Required work. Every line of the data below should be retyped exactly, with no images carried over.

---------- Material provided ----------

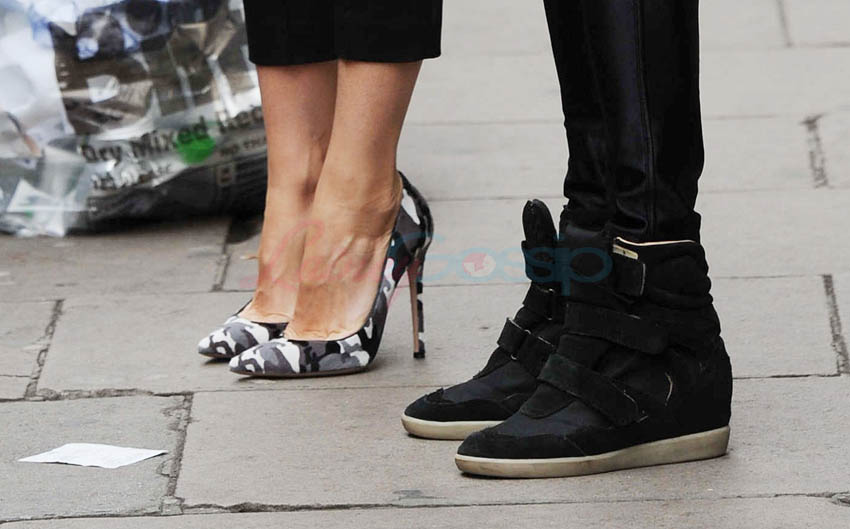 I like those camouflage heels on her. I would hate them on anyone else. Anyone else would wear them with some clingy black dress. Or leather pants. G’s all Hamptons on top and fly girl on the bottom. This is how. She has a pair of jeans with that print too. She was wearing them when I interviewed her for Iron Man 3. Of course she didn’t put the heels and the pants together. Who do you think this is?
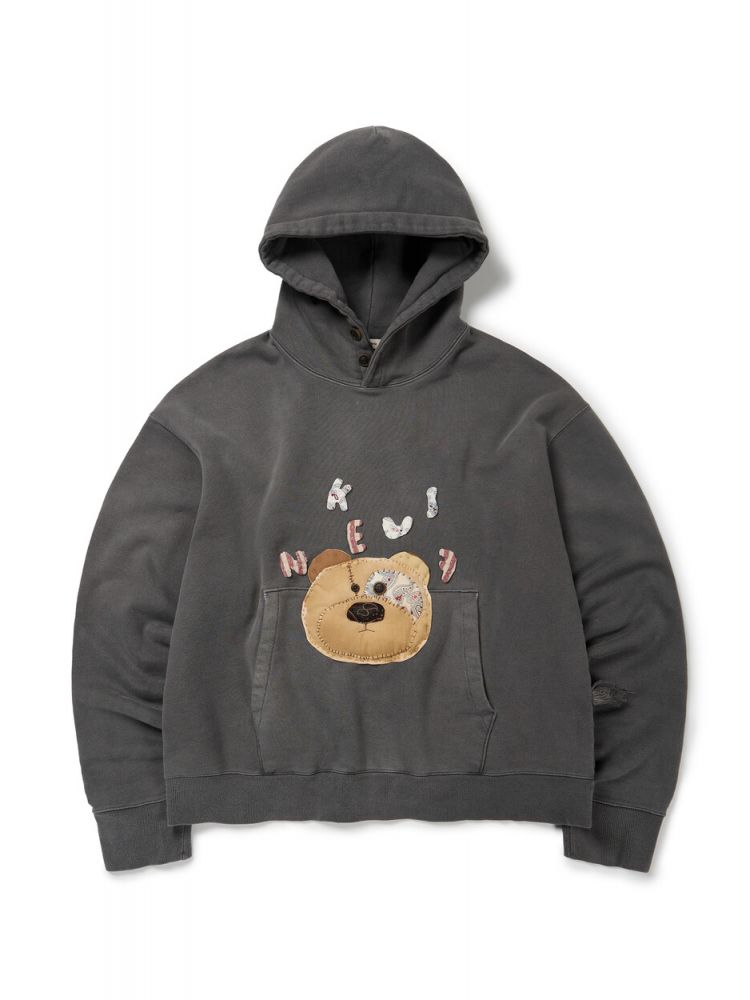 KUS 베어 패치워크 헤비 후드 [목탄 염색]
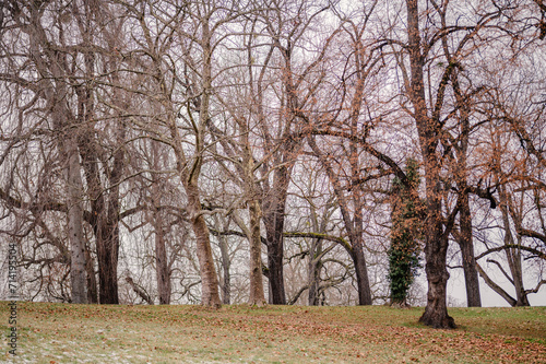 © Kostas Koufogiorgos, Obraz premium Winterliche Baumkronen in einem Park
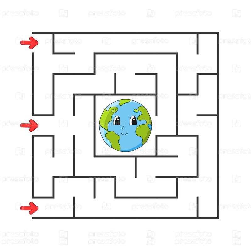Квадратный лабиринт. Игра для детей. Головоломка для детей. мультипликационный персонаж. Загадка лабиринта. Найдите правильный путь. Развитие логического и пространственного мышления. Векторная иллюстрация

----------

Exercise answer.
 I like those camouflage heels on her. I would hate them on anyone else. Anyone else would wear them with some clingy black dress. Or leather pants. G’s all Hamptons on top and fly girl on the bottom. This is how. She has a pair of jeans with that print too. She was wearing them when I interviewed her for Iron Man 3. Of course she didn’t put the heels and the pants together. Who do you think this is?
 KUS 베어 패치워크 헤비 후드 [목탄 염색]
 © Kostas Koufogiorgos, Obraz premium Winterliche Baumkronen in einem Park
Квадратный лабиринт. Игра для детей. Головоломка для детей. мультипликационный персонаж. Загадка лабиринта. Найдите правильный путь. Развитие логического и пространственного мышления. Векторная иллюстрация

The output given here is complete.